American academic and Mormon apologist (born 1931)

Louis C. Midgley (born March 12, 1931) is a Mormon apologist and retired professor of political science at Brigham Young University. Since his retirement he has been closely involved with the Foundation for Ancient Research and Mormon Studies, writing many book reviews, articles, and book chapters defending the Church of Jesus Christ of Latter-day Saints (LDS Church) from perceived critics.

== Education and career ==
Midgley studied at the University of Utah for his bachelor's and master's degrees. He took an extended leave to serve as a missionary for the LDS Church in New Zealand 1950–1952. On his mission, he first encountered sectarian anti-Mormon arguments.

He earned a PhD in political science from Brown University. His dissertation focused on Paul Tillich. Midgley taught political science, specifically, the history of political and legal philosophy, at Brigham Young University from 1960 until his retirement in 1996.

== Apologetics ==
In the 1980s, Midgley, along with David Bohn and Neal Kramer, criticized practitioners of New Mormon History. Midgley called the New Mormon Histories an "act of treason" against the LDS faith since they did not take a stance on the LDS Church's truth claims. Midgley wrote that since objectivity in writing history is impossible, that Mormon historians ought to "defend" the faith. Midgley's argument was a familiar one, but his use of antipositivist rhetoric was unfamiliar to Mormon historians. Thomas G. Alexander responded, stating that positivism is a miscategorization, because New Mormon Historians usually accepted spiritual experiences like Joseph Smith's visions, rather than attributing them to mental illness or fabrication as a positivist might. Later, in his Dialogue article on the subject, John-Charles Duffy described Midgley's and Bohn's logic as antimodernist rather than postmodernist.

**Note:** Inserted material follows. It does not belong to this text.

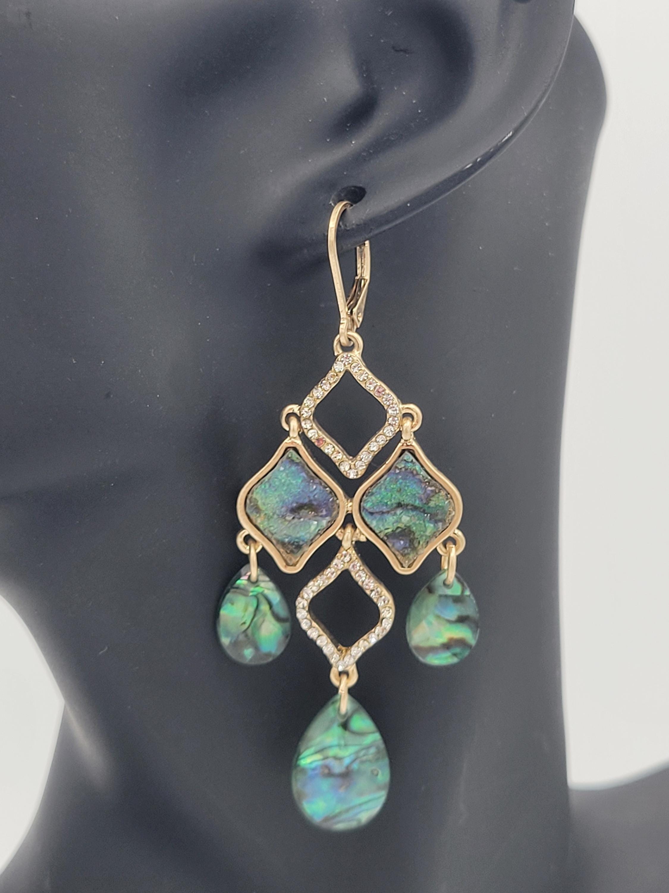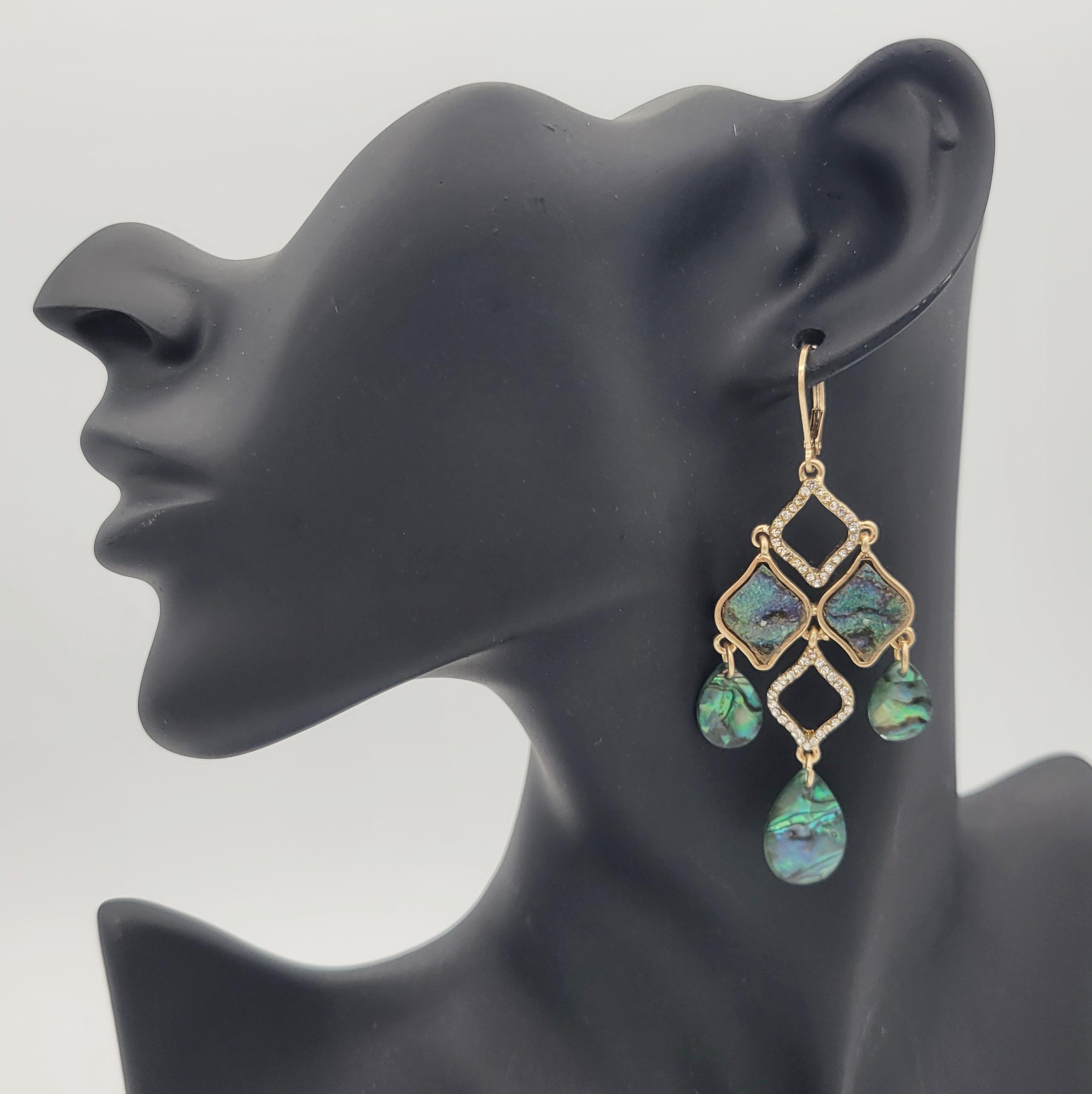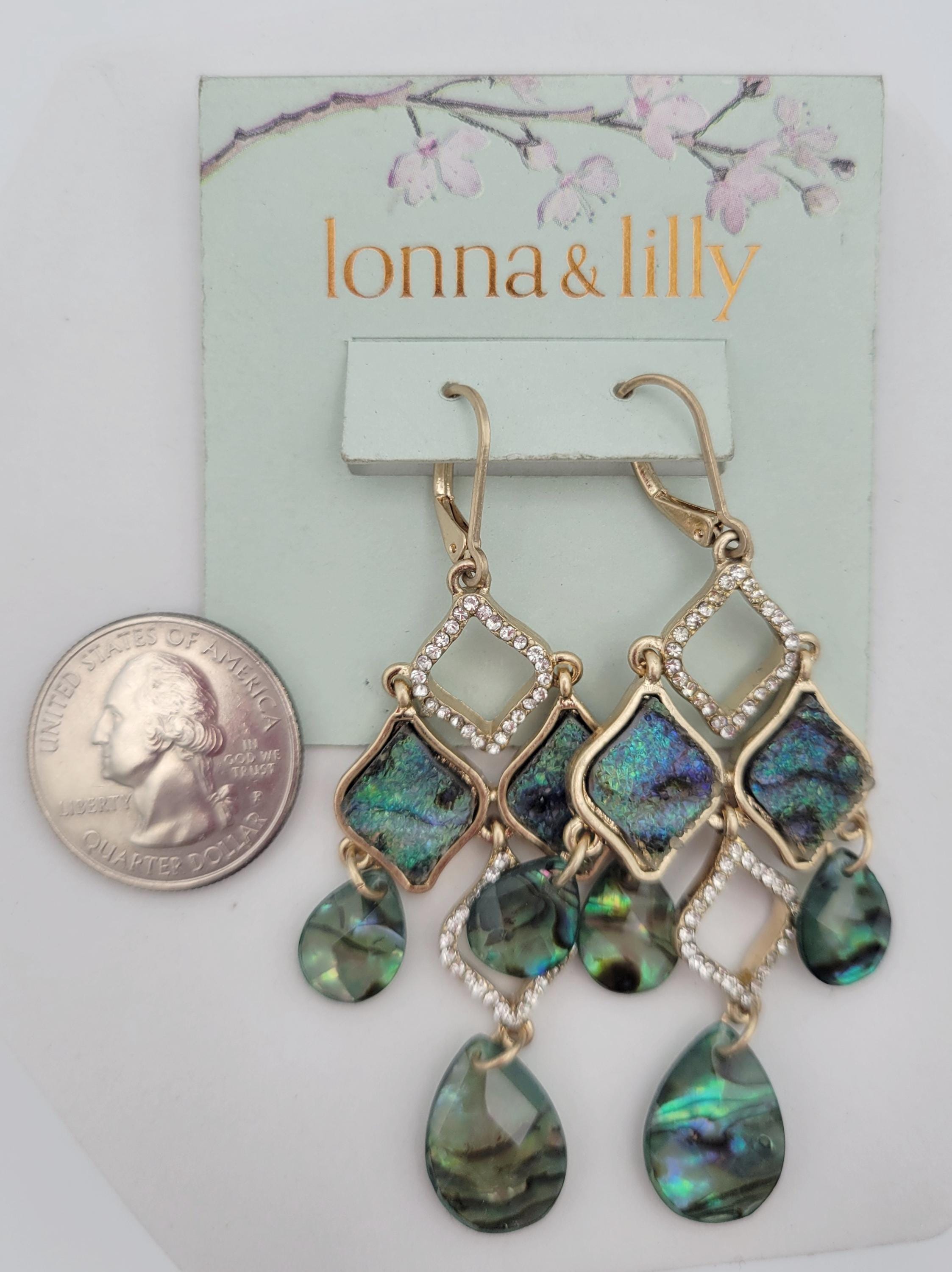 NEW Lonna & Lilly Gold Tone Openwork Chandelier Dangle Earrings with Rhinestones and Blue Green Shell Designs

Midgley often responded to arguments with a style one blogger referred to as "feisty." David Bohn wrote an essay for Sunstone about Mormon historiography, which Thomas Alexander critiqued at length. Informed by this critique, Bohn rewrote portions of the essay, according to Alexander. Bohn's essay, "No Higher Ground," was published in the May–June 1983 issue of Sunstone. Scott C. Dunn, an editor at Sunstone, stated that "a number of historians had gone to great lengths to discourage the publication of this manuscript [...] they sought to prevent distribution of ideas contrary to their own." Midgley described the editorial interventions as censorship, which Alexander described as "intentional misrepresentation and obtuseness." Alexander also accused Midgley of intentionally "misrepresenting the views of others."

Midgley was a frequent defender of Hugh Nibley and published a bibliography of Nibley's complete works. He contributed the article on theology to the Encyclopedia of Mormonism. In 2005-2006 Midgley served as editor of the FARMS Review. Other topics Midgley has studied included the abandonment of a belief in the Book of Mormon as an ancient document by members of the Community of Christ.
Midgley has criticized both the writings of Grant H. Palmer and his representations of his career.

== Personal life and church service ==
Following his retirement Midgley and his wife Ireta served as Church Educational System missionaries in New Zealand 1999–2000.